亚洲男人的天堂2018av,欧美草比,久久久久久免费视频精选,国色天香在线看免费,久久久久亚洲av成人片仓井空

The concept class of low-degree polynomial threshold functions (PTFs) plays a fundamental role in machine learning. In this paper, we study PAC learning of $K$-sparse degree-$d$ PTFs on $\mathbb{R}^n$, where any such concept depends only on $K$ out of $n$ attributes of the input. Our main contribution is a new algorithm that runs in time $({nd}/{\epsilon})^{O(d)}$ and under the Gaussian marginal distribution, PAC learns the class up to error rate $\epsilon$ with $O(\frac{K^{4d}}{\epsilon^{2d}} \cdot \log^{5d} n)$ samples even when an $\eta \leq O(\epsilon^d)$ fraction of them are corrupted by the nasty noise of Bshouty et al. (2002), possibly the strongest corruption model. Prior to this work, attribute-efficient robust algorithms are established only for the special case of sparse homogeneous halfspaces. Our key ingredients are: 1) a structural result that translates the attribute sparsity to a sparsity pattern of the Chow vector under the basis of Hermite polynomials, and 2) a novel attribute-efficient robust Chow vector estimation algorithm which uses exclusively a restricted Frobenius norm to either certify a good approximation or to validate a sparsity-induced degree-$2d$ polynomial as a filter to detect corrupted samples.

相關內容

In this work, we give a statistical characterization of the $\gamma$-regret for arbitrary structured bandit problems, the regret which arises when comparing against a benchmark that is $\gamma$ times the optimal solution. The $\gamma$-regret emerges in structured bandit problems over a function class $\mathcal{F}$ where finding an exact optimum of $f \in \mathcal{F}$ is intractable. Our characterization is given in terms of the $\gamma$-DEC, a statistical complexity parameter for the class $\mathcal{F}$, which is a modification of the constrained Decision-Estimation Coefficient (DEC) of Foster et al., 2023 (and closely related to the original offset DEC of Foster et al., 2021). Our lower bound shows that the $\gamma$-DEC is a fundamental limit for any model class $\mathcal{F}$: for any algorithm, there exists some $f \in \mathcal{F}$ for which the $\gamma$-regret of that algorithm scales (nearly) with the $\gamma$-DEC of $\mathcal{F}$. We provide an upper bound showing that there exists an algorithm attaining a nearly matching $\gamma$-regret. Due to significant challenges in applying the prior results on the DEC to the $\gamma$-regret case, both our lower and upper bounds require novel techniques and a new algorithm.

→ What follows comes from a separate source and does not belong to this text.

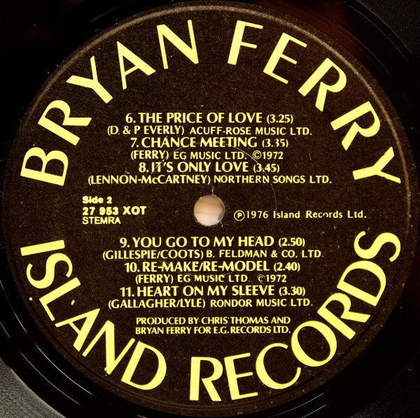Recorded At Air Studios Recorded At Island Studios Produced For E.G. Records Ltd. Record Company Ariola Eurodisc Benelux B.V. Phonographic Copyright (p) Island Records Ltd. Copyright (c) E.G. Music Ltd. Published By United Artists Music Ltd. Published By E.G. Music Ltd. Published By Tollie Music Ltd. Published By Acuff Rose Music Ltd. Published By Northern Songs Ltd. Published By B. Feldman & Co. Ltd. Published By Rondor Music Ltd. Lacquer Cut At Bovema / EMI Studios Lacquer Cut At Bovema / EMI Studios

It has been observed by several authors that well-known periodization strategies like tent or Chebychev transforms lead to remarkable results for the recovery of multivariate functions from few samples. So far, theoretical guarantees are missing. The goal of this paper is twofold. On the one hand, we give such guarantees and briefly describe the difficulties of the involved proof. On the other hand, we combine these periodization strategies with recent novel constructive methods for the efficient subsampling of finite frames in $\mathbb{C}$. As a result we are able to reconstruct non-periodic multivariate functions from very few samples. The used sampling nodes are the result of a two-step procedure. Firstly, a random draw with respect to the Chebychev measure provides an initial node set. A further sparsification technique selects a significantly smaller subset of these nodes with equal approximation properties. This set of sampling nodes scales linearly in the dimension of the subspace on which we project and works universally for the whole class of functions. The method is based on principles developed by Batson, Spielman, and Srivastava and can be numerically implemented. Samples on these nodes are then used in a (plain) least-squares sampling recovery step on a suitable hyperbolic cross subspace of functions resulting in a near-optimal behavior of the sampling error. Numerical experiments indicate the applicability of our results.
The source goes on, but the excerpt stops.